Mycophenolate mofetil hydrochloride is not a widely standardized global “API hydrochloride” trade label in major regulatory and commercial supply datasets. In most markets, the drug substance is distributed as mycophenolate mofetil (MMF, free base/neutral form), with hydrochloride appearing primarily as a salt form used for specific intermediates, reference standards, or niche specifications rather than a universal API sales descriptor.

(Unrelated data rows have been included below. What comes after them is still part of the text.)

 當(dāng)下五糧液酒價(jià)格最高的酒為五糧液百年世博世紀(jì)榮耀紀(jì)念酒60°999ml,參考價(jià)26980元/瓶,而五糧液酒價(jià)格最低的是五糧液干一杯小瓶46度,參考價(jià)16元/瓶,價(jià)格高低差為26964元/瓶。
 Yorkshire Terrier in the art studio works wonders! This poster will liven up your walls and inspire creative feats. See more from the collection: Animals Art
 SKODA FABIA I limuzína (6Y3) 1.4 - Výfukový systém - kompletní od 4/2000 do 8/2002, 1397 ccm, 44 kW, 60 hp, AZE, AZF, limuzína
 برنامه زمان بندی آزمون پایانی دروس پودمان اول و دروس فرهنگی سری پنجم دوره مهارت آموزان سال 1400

That means supplier lists depend on whether the target is (1) MMF API (neutral form) or (2) a specific “mycophenolate mofetil hydrochloride” salt grade used for a formulation or analytical requirement.

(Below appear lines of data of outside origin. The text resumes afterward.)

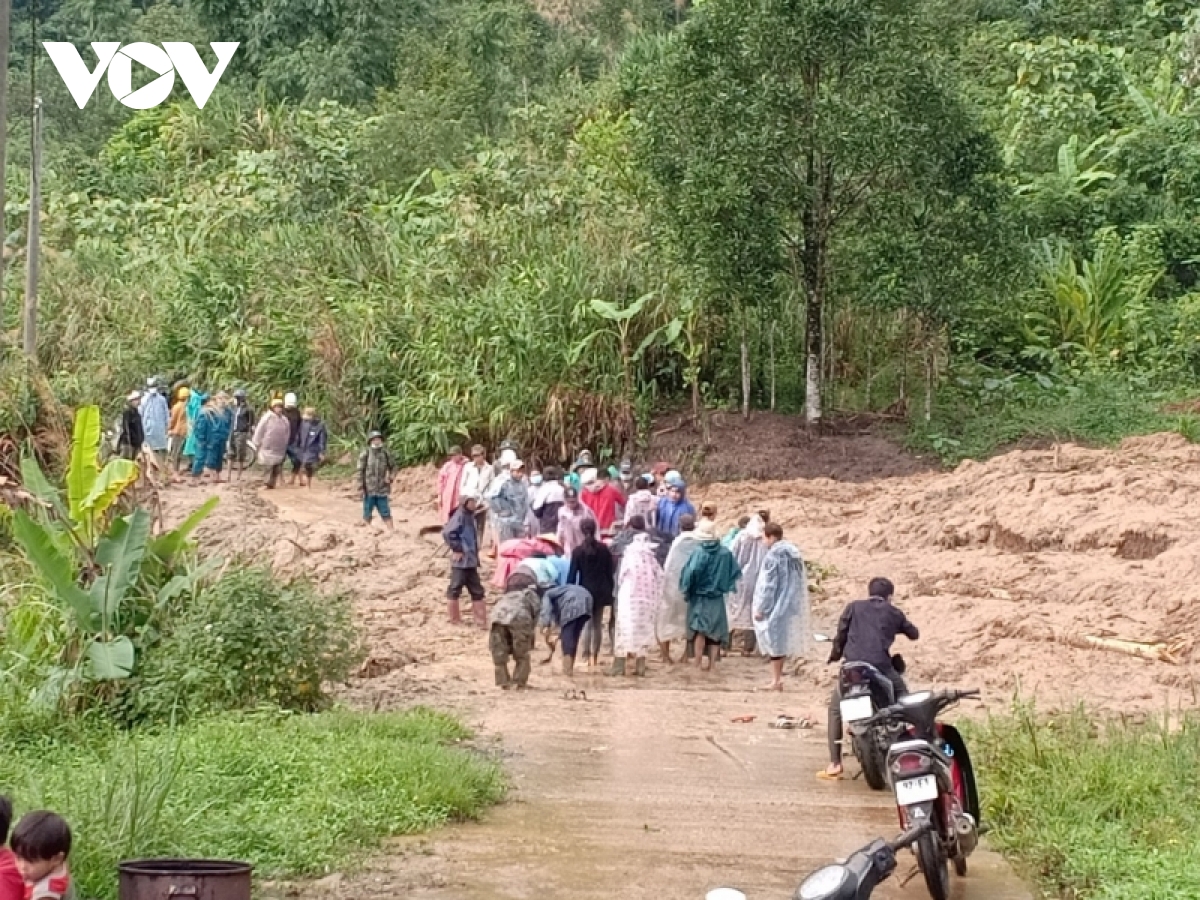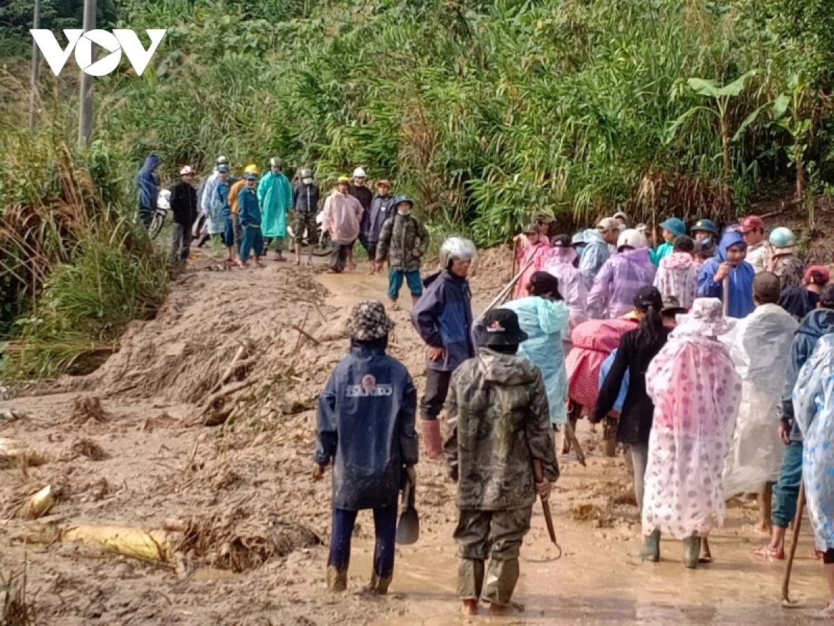 Ông Trần Văn Mẫn, Phó Chủ tịch UBND huyện Nam Trà My, tỉnh Quảng Nam cho biết, chính quyền địa phương tập trung khắc phục các điểm sạt lở để thông tuyến: “Tập trung khắc phục tất cả các tuyến đường, đảm bảo thông tuyến tạm thời cho người dân đi lại. Hiện chỉ còn đường đi Trà Don, Nam Linh vẫn còn cấn điểm sạt lở trên Quốc lộ 40B, tại km 110, khoảng 15 giờ chiều nay sẽ thông tuyến tạm thời. Các phương tiện đã tập trung về các điểm sạt lở vì trước đó đã lên phương án sẵn sàng”.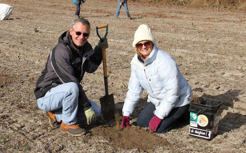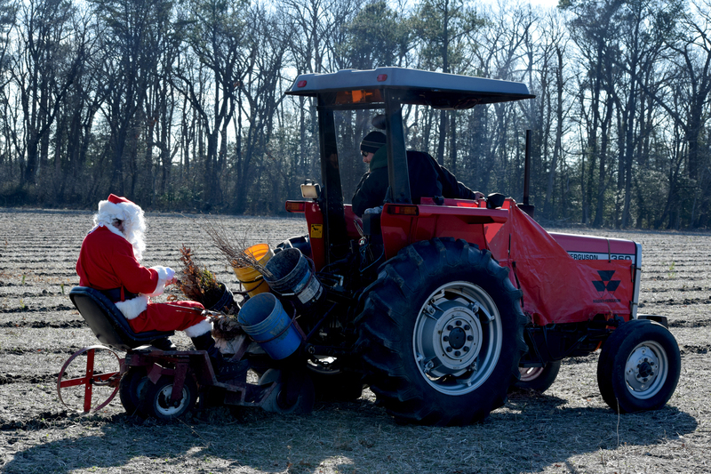 Santa and other volunteers carefully secured hardwood pine and shrub seedlings, all native species that are part of a reforestation effort at Bullseye-Ferry Landing Preserve off Route 24 in Millsboro and Perry Tract at Angola Neck Preserve. The cooperative effort among the center, The Nature Conservancy and the state Division of Parks and Recreation, calls for planting more than 30,000 seedlings on a total 37 acres at the two nature preserves.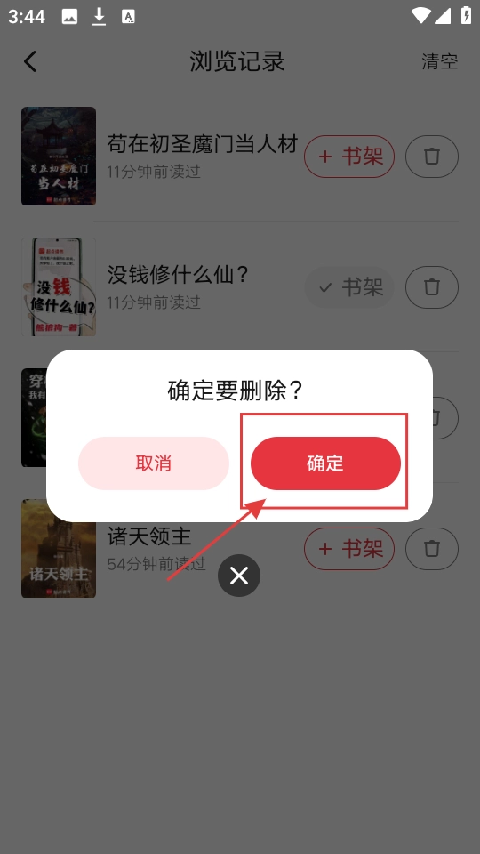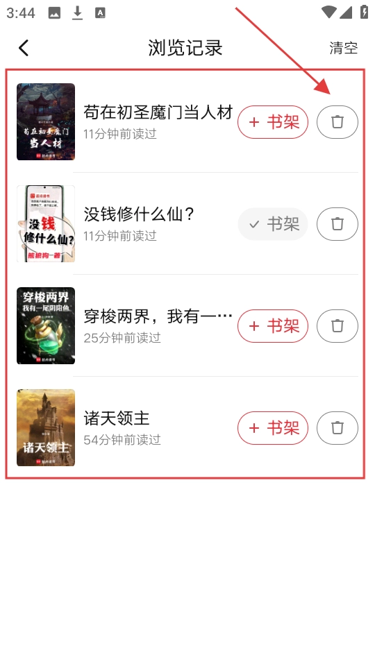 3、进入浏览记录页面后,你可以查看之前浏览过的书籍;要是想删除某条记录,只需点击对应书籍旁边的垃圾桶图标即可。

Because you requested suppliers for “mycophenolate mofetil hydrochloride” specifically, a complete and accurate supplier list cannot be produced from the information available in this chat session without risking misidentification (confusing MMF API supply with the hydrochloride salt).

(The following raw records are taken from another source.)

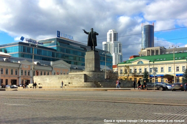 Над трибуной вначале был водружён большой портрет, а затем и скульптура Сталина. В 1953 году её демонтировали. Четырьмя годами позже, к 40-й годовщине Октябрьской революции, место отца народов занял памятник Ленину авторства Владимира Ингала, Анатолия Прибульского и Петра Деминцева. Отлили свердловского Ильича на ленинградском заводе "Монументскульптура". Сегодня он имеет статус памятника культуры регионального значения.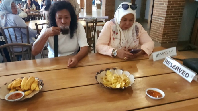 Sebelum meneruskan perjalanan, salah satu anggota rombongan ditemui ditanya kesannya selama berada di area Danau Linow Resprt. “Luar biasa indahnya Danau Linow Tomohon, tempatnya sangat bagus,” ujar Rika Rumagas sambil menikmati sajian kopi dan kukis pisang goreng.
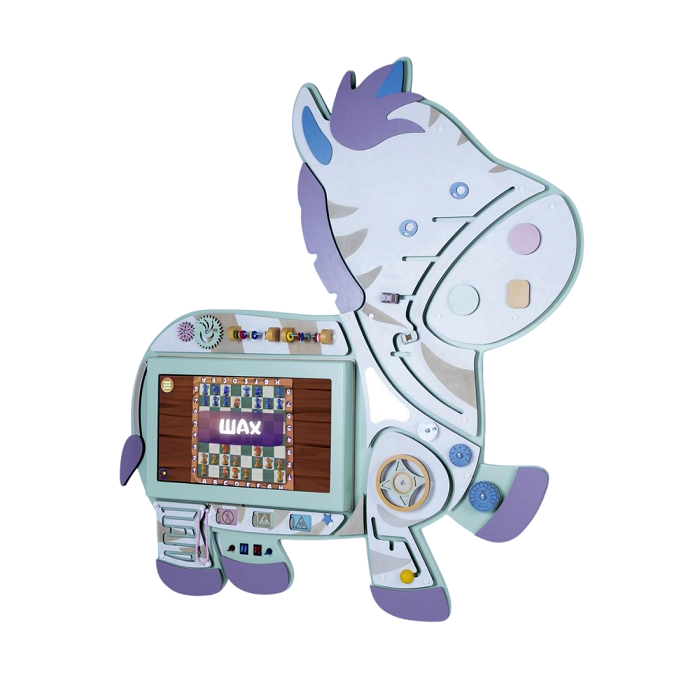 На центральной части «Зебруши» находится интерактивная сенсорная панель с комплектом программ по правилам дорожного движения. Дополнительно установлено лучшее программное обеспечение, с более чем 200 игр по различным образовательным тематикам, которые сделают процесс познания увлекательным и эффективным.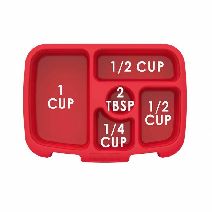 - Five compartments: left-1 cup; back-1/2 cup; right-1/2 cup; front-1/4 cup; sauce-2 tbsp.

Supplier Landscape: What Is Typically Supplied Instead
Most commercial API supply chains for MMF center on:
- Mycophenolate mofetil (MMF) API (the marketed drug substance)
- Mycophenolic acid (indirect upstream or alternative product)
- Reference standards (analytical materials where salt/labeling can vary)
If “hydrochloride” is not the marketed API descriptor for your jurisdiction or buyer spec, the correct procurement channel is usually MMF API, not the hydrochloride salt label. This distinction is central for identifying valid suppliers and avoiding incorrect sourcing.
Actionable procurement check points
A compliant supplier short list for the exact label “mycophenolate mofetil hydrochloride” normally depends on:
- Exact product name in COA and SDS (including “hydrochloride”)
- Salt form confirmation in the supplier’s specification (test for chloride/salt identity, polymorph form if applicable)
- Regulatory listing under your target dossier type (e.g., US DMF vs. EU CEP, where present)
Without those exact naming and spec details, supplier claims can be unreliable.
Key Takeaways
- Mycophenolate mofetil hydrochloride is not the dominant global API supply descriptor versus MMF API.
- A supplier list for the hydrochloride salt label requires exact salt-form confirmation in COA/SDS/specs.
- Procurement should first validate whether your requirement is truly MMF hydrochloride or MMF API under your regulatory and formulation specs.
FAQs
1) Are there many suppliers for mycophenolate mofetil hydrochloride specifically?
Not at the same scale as MMF API. The hydrochloride label is often not the standard commercial API descriptor.
2) Can I source this as mycophenolate mofetil (MMF) and convert to hydrochloride?
Only if your target spec allows conversion and you can validate identity, salt form, and impurities under your quality system.
3) Do reference standard suppliers carry the hydrochloride salt?
Some do, because analytical standards can be supplied in specific salt forms, but availability varies by catalog and lot.
4) What documentation proves hydrochloride salt identity from a supplier?
A COA that explicitly states the hydrochloride form, plus spec tests supporting salt identity (and matching SDS naming).
5) Do major regulatory listings differentiate the hydrochloride salt form?
Often they differentiate the marketed drug substance name; salt-form granularity depends on the dossier and the exact product scope.